**** INFORMATION SHOWN

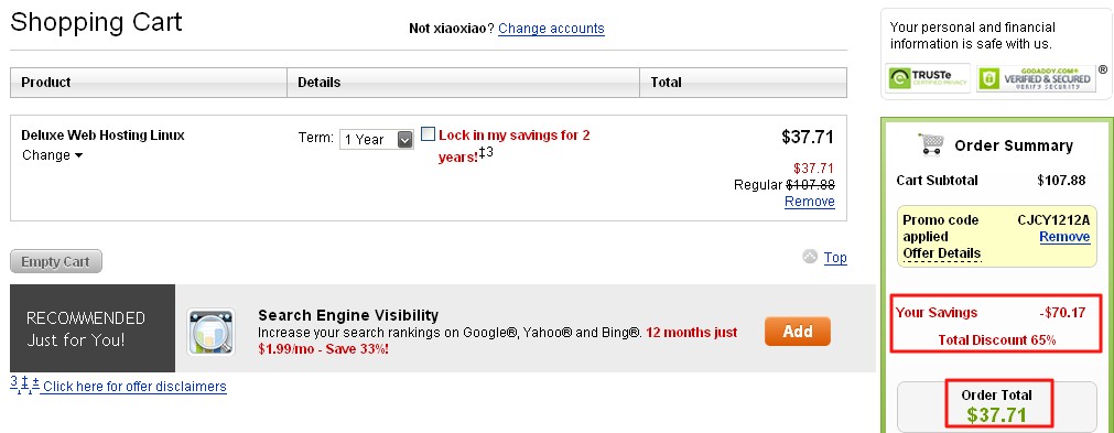 看到没有,Deluxe方案一年仅需要37.71美元,折合人民币一年也只需要240元。然后换算到月,再折到每天。。。。。。怎么样,现在对Godaddy这次降价幅度之低有概念了吧。
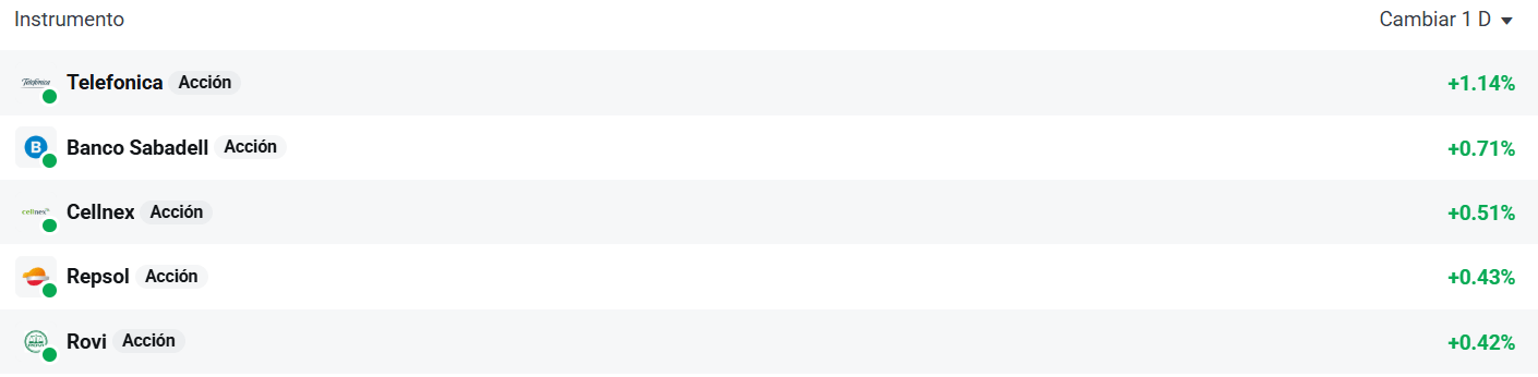 Los movimientos de la parte alta de la tabla del Ibex 35 son moderados. Telefónica lidera la sesión, aunque no hay grandes noticias destacables en el día de hoy. En cualquier caso, varios medios apuntan a que la Comisión Europea estaría preparando relajar los criterios de fusiones dentro de Europa. Esto es algo que las compañías llevan pidiendo tiempo y que se ve necesario para competir con los gigantes de otras partes del mundo, como Estados Unidos. Además, esto permitiría mejorar las economías de escala, lo que tendría un impacto positivo en sus márgenes.
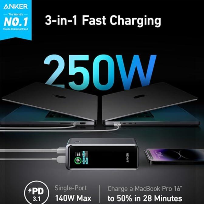 250W Multi-Device Fast Charging: With 2 USB-C ports and 1 USB-A port, this power bank delivers up to 250W, boosting a MacBook Air (M2) to 30% in just 13 minutes. Ideal for time-sensitive charging needs.
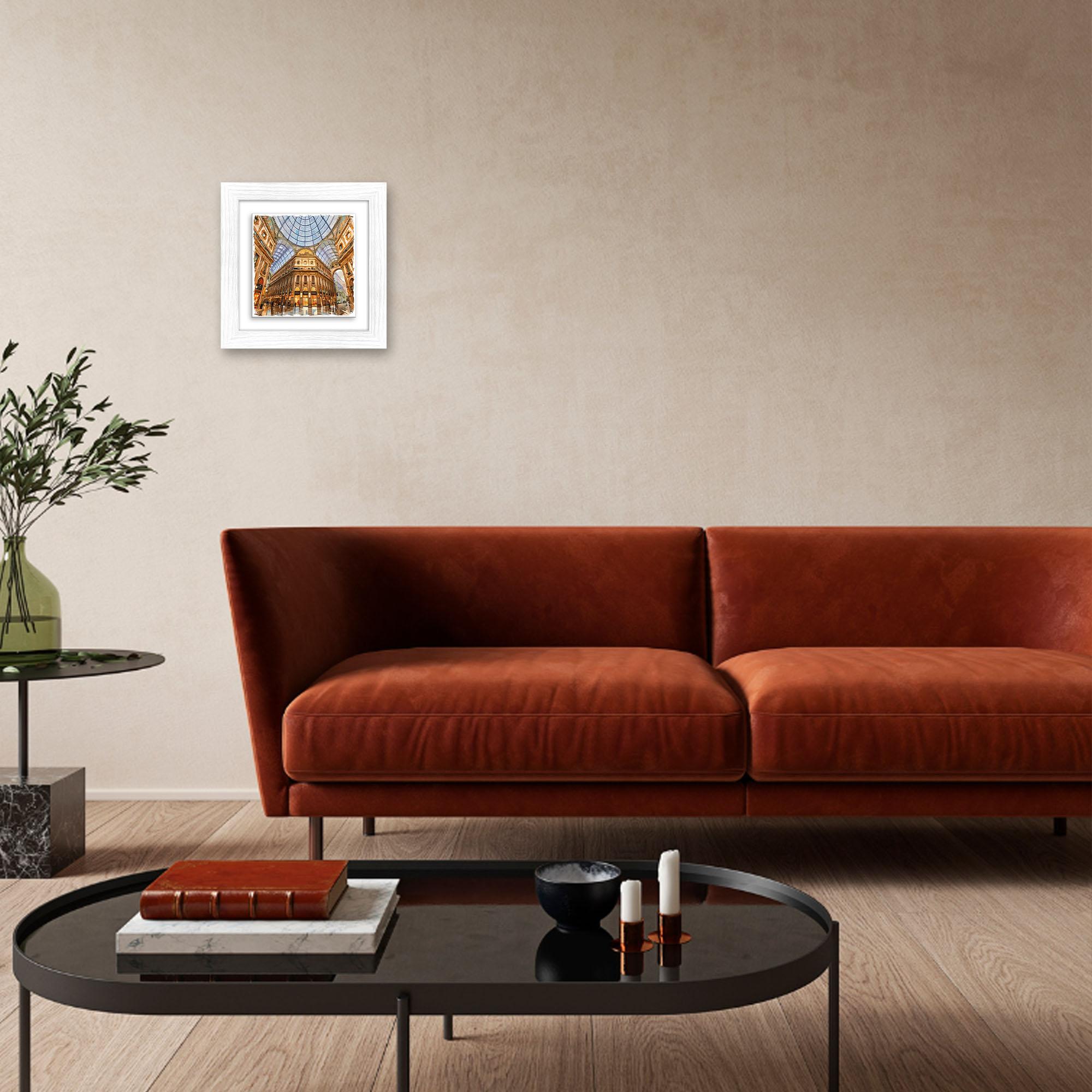 Lupia - Quadro moderno con paesaggi e localismi italiani, Ceramica e Stampa Rilievo, Cornice Legno Shabby Modern bianca, Decorazione Parete, Quadretti Soggiorno, 29x29 cm MILANO GALLERIA VITT.EMANUELE -

********

ABOUT THIS TASK
Set down every line above exactly, pictures excluded.

FINISHED TASK
 看到没有,Deluxe方案一年仅需要37.71美元,折合人民币一年也只需要240元。然后换算到月,再折到每天。。。。。。怎么样,现在对Godaddy这次降价幅度之低有概念了吧。
 Los movimientos de la parte alta de la tabla del Ibex 35 son moderados. Telefónica lidera la sesión, aunque no hay grandes noticias destacables en el día de hoy. En cualquier caso, varios medios apuntan a que la Comisión Europea estaría preparando relajar los criterios de fusiones dentro de Europa. Esto es algo que las compañías llevan pidiendo tiempo y que se ve necesario para competir con los gigantes de otras partes del mundo, como Estados Unidos. Además, esto permitiría mejorar las economías de escala, lo que tendría un impacto positivo en sus márgenes.
 250W Multi-Device Fast Charging: With 2 USB-C ports and 1 USB-A port, this power bank delivers up to 250W, boosting a MacBook Air (M2) to 30% in just 13 minutes. Ideal for time-sensitive charging needs.
 Lupia - Quadro moderno con paesaggi e localismi italiani, Ceramica e Stampa Rilievo, Cornice Legno Shabby Modern bianca, Decorazione Parete, Quadretti Soggiorno, 29x29 cm MILANO GALLERIA VITT.EMANUELE -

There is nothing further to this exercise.